Capsibiol-T is a combination of EGCG and capsaicin.

Capsibiol-T & Chemotherapy
In vitro studies show that when hormone refractory prostate cancer cells are pretreated with Capsibiol-T and then treated with paclitaxel, the combination has an additive effect in decreasing survival of cancer cells (Axanova, Morre et al. 2005).

Vitamin D3 is metabolized into calcitriol. In one trial, researchers used a formulation of calcitriol called DN 101 that does not have as many problems with toxicity as vitamin D3 when used at high doses. High doses of calcitriol alone appear to inhibit hormone refractory metastatic prostate cancer cell growth and stimulate cancer cell death, as well as inhibit the invasiveness of prostate cancer cells (Schwartz, Wang et al. 1997). It has also been shown to increase differentiation of prostate cancer cells (Esquenet, Swinnen et al. 1996; Bauer, Thompson et al. 2003).

Vitamin D3 & Chemotherapy
In combination with docetaxel, vitamin D3 has an additive effect. In a recent study, docetaxel used with a specific formulation of calcitriol (DN 101) increased survival rate in hormone refractory metastatic prostate cancer patients (Beer, Ryan et al. 2007).

Vitamin A is an essential nutrient for humans and has many diverse functions in maintaining normal health.
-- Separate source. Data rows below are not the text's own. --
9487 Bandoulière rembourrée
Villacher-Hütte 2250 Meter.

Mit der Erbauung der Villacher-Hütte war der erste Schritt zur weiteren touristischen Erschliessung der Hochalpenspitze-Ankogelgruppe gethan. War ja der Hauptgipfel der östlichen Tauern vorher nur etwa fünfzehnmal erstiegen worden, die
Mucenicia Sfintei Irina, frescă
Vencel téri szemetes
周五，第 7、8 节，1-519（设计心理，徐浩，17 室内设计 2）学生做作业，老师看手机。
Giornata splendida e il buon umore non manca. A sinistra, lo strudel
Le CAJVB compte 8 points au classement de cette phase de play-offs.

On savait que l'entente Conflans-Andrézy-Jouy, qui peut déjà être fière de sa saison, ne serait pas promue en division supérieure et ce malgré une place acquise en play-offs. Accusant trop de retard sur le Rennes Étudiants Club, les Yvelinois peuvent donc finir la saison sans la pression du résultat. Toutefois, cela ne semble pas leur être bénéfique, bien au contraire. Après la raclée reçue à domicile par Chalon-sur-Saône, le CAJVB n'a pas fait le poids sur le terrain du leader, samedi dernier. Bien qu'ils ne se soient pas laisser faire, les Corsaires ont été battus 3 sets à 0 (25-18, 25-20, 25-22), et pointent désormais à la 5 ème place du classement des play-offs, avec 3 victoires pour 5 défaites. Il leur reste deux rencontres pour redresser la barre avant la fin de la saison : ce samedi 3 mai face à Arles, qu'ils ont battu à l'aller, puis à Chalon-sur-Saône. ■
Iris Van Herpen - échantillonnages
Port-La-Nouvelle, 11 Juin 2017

It has various different metabolites that are similar in structure and, with a few changes, can become vitamin A with the help of enzymes in the body.

Vitamin A & Chemotherapy
Retinoic Acid (an acidified form of vitamin A) has a synergistic effect in combination with docetaxel through two known
mechanisms therefore increasing docetaxel’s ability to stop tumor growth (Sun, Li et al. 2004).

13-cis-retinoic acid (a vitamin A derivative) has been shown in in-vitro trials in combination with paclitaxel to have a synergistic effect in inhibiting the growth of prostate cancer cell lines (it enhances the effectiveness of paclitaxel in attacking cancer cells). However, in combination with carboplatin, it has an antagonistic effect (it diminishes effectiveness of carboplatin) (Cabrespine, Bay et al. 2005).
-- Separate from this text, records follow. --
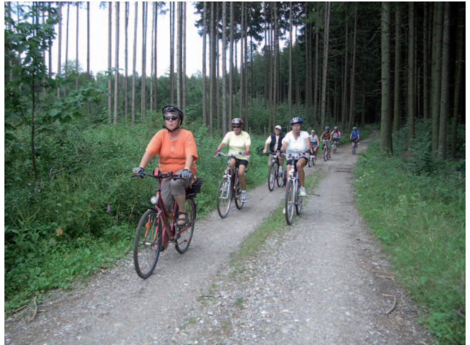
Was gibt es schöneres, als bei hohen Temperaturen durch den kühlen Wald zu radeln? Na ja, gibt es schon, aber das ist ein anderes Thema.

Wer sich zum Thema Radfahren und Gesundheit informieren möchte, findet unter den nachstehenden Internetadressen zweckdienliche Hinweise.
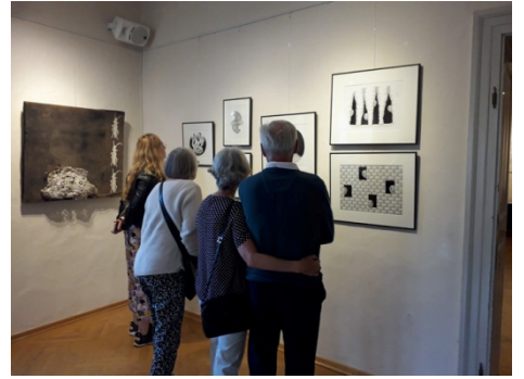
Eröffnung am 13. Juni 24
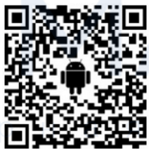
Приложение для Android
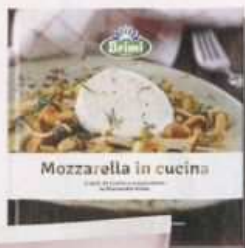
Mozzarella in cucina

La Mozzarella Light di Brimi , ottenuta dal latte fresco dell'Alto Adige, ha solo l'11% di grassi. E, per proporla in piatti sempre nuovi, si può acquistare il ricettario "Mozzarella in cucina" (su www.brimi.it ).
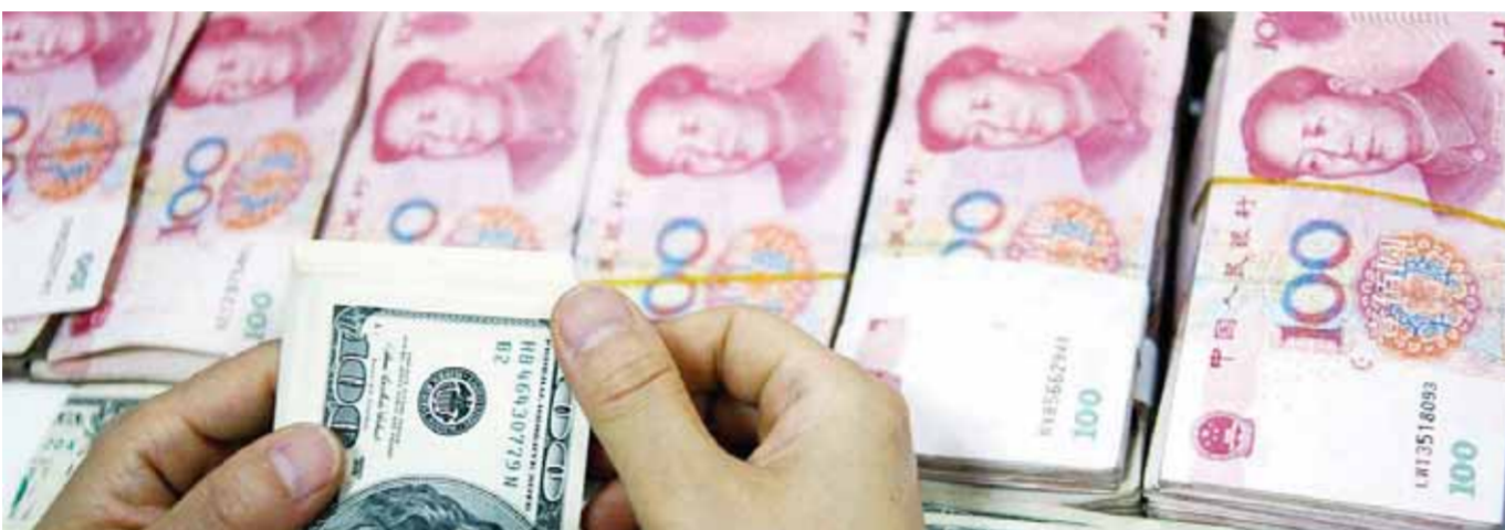
خسائر اليوان دفعت العديد من عملات المنطقة للهبوط

المستثمرين للجوء للأصول، حيث ارتفع الين الياباني لأعلى مستوى في ٧ أشهر مقابل الدولار.

All-trans retinoic acid (a vitamin A derivative) helps Taxol-based drugs (taxanes) to increase cancer cell death (Wang and Wieder 2004).

Silibinin is an extract from milk thistle seed that is known for its ability to protect the liver.

Silibinin & Chemotherapy
Silibinin and platinum-based compounds (cisplatin, carboplatin, satraplatin), when used together, have a substantially higher ability to inhibit prostate cancer cell growth and cause prostate cancer cell death, when compared with platinum-based compounds alone (Dhanalakshmi, Agarwal et al. 2003).

Beta-glucans are natural soluble fiber polysaccharides found in the bran of cereal grains such as barley, oats, rye, and wheat. Beta-glucans can also be extracted from maitake mushrooms, as in the following study.

Maitake Beta-glucan & Chemotherapy
In combination with carmustine (BCNU), maitake beta-glucan enhances effectiveness of chemotherapy, with a 90% cancer cell viability reduction (Finkelstein, Aynehchi et al. 2002).

When it is uncertain whether a specific antioxidant and chemotherapy drug treatment combination would conflict, then the possibility of combining them largely depends on the timing of their use. It is important to know that most water-soluble antioxidants usually stay in the blood for one day or less while oil-soluble antioxidants can stay in the blood for up to several days. This information, in combination with the known half-life of chemotherapy drugs (which is generally 72 hours or less), can allow patients and health care providers, working together in a process of shared decision-making, to make an informed decision on whether or not to combine certain antioxidants within the same treatment protocol. If a decision is made to use antioxidants intermittently, some healthcare providers will choose to separate their use by at least three days to allow time for chemotherapy drugs to complete their intended purpose before being metabolized.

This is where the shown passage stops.